Voice care is efficient. In the old days report was given from nurse to nurse face-to-face, which took all the nurses off the floor at the same time. With voice care the shift going off duty covers while the shift coming on duty listens, but nuances get lost on the tape. A grimace, raised eyebrows, a frown communicate the feel of taking care of someone. Voice care passes on the details of a patient’s stay, but it doesn’t always capture who the patient is.
Some hospitals are starting to do change of shift with both nurses in the room talking to each other and the patient. The idea is to make the patient a partner in care and to smooth out the transition between nurses. I like the sound of it, just as I agree with letting patients read their own medical records, but what about the patients who consciously choose to know only the broad outlines of their care because hearing all the details makes them anxious? Treatment for cancer is not like having your gallbladder removed; some patients want to know everything, while others prefer to remain as ignorant as possible. And sometimes we keep secrets from patients, usually when the news is bad and we want to be 100 percent sure before confirming it. Will a face-to-face report lead to all patients learning new medical information in real time, or will we sometimes deliberately hide what we know, institutionalizing a layer of deception? Knowledge is power, but how much and when for each individual patient?
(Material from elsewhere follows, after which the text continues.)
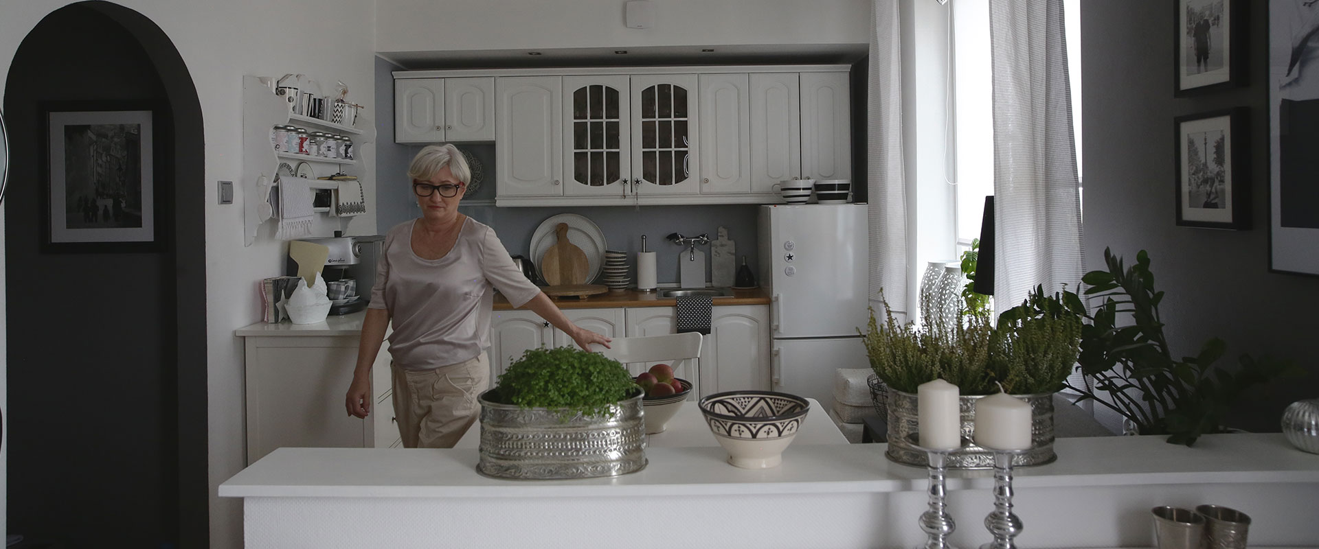 Nasza bohaterka jest matką dwóch dorosłych córek. Jedna z nich zdecydowała się przenieść za granicę, druga właśnie odebrała klucze do własnego mieszkania. Ta zmiana zainicjowała kolejne. Na pierwszy ogień poszło jej mieszkanie. Dotychczas klasyczne wystrojem i w stonowanych kolorach stanowiło idealny materiał do transformacji.

Then there are the petty secrets nurses want to keep among ourselves: that we find a patient whiny, that his wife is suspicious of everything we do, that the relatives who visit expect us to chat with them, making it impossible to get any work done. Should complaints be part of report? Underneath the fog of irritation, venting can reveal the human being. But maybe being in the room with the real patient would be an even better reminder of her humanity.
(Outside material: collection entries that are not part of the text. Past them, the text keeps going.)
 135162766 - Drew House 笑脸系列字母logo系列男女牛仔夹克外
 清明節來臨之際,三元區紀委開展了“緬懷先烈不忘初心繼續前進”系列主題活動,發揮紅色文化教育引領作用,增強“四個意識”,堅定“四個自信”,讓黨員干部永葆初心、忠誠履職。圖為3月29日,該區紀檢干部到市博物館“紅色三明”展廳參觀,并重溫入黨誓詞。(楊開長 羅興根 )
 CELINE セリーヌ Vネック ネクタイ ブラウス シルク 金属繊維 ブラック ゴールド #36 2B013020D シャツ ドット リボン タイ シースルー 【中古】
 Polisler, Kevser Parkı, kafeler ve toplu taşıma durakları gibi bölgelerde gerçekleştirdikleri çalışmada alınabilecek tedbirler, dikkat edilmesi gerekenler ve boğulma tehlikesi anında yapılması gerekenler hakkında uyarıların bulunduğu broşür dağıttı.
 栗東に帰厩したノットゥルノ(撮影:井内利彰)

I dial up voice care and punch in my access code, pen ready. I have to go fast.
I hear Andie, the night-shift nurse, telling me about my patients. When one nurse’s patients get transferred as a group to another, as happened this morning for me, report is easier. That kind of easy pass isn’t always possible, though, since the number of staff and patients can vary. Richard Hampton, the seventy-five-year-old with lymphoma, is having some difficulty breathing and is off and on confused. In other words, he’s elderly, has cancer, and is not doing so well. I scribble down how his night was. No alarming highs or lows in his daily lab reports—also called lab values or just labs, for short—that we need to address, but I’m not sure what, if anything, we’ll be able to do for him. The printout I got lists his meds, but Andie doesn’t mention a treatment plan. Seems like, except for his cancer, the fact that he can’t breathe without oxygen, and doesn’t always know where he is, he’s doing great. I sigh inwardly—cancer sucks, it really does—and punch in the number for my second patient.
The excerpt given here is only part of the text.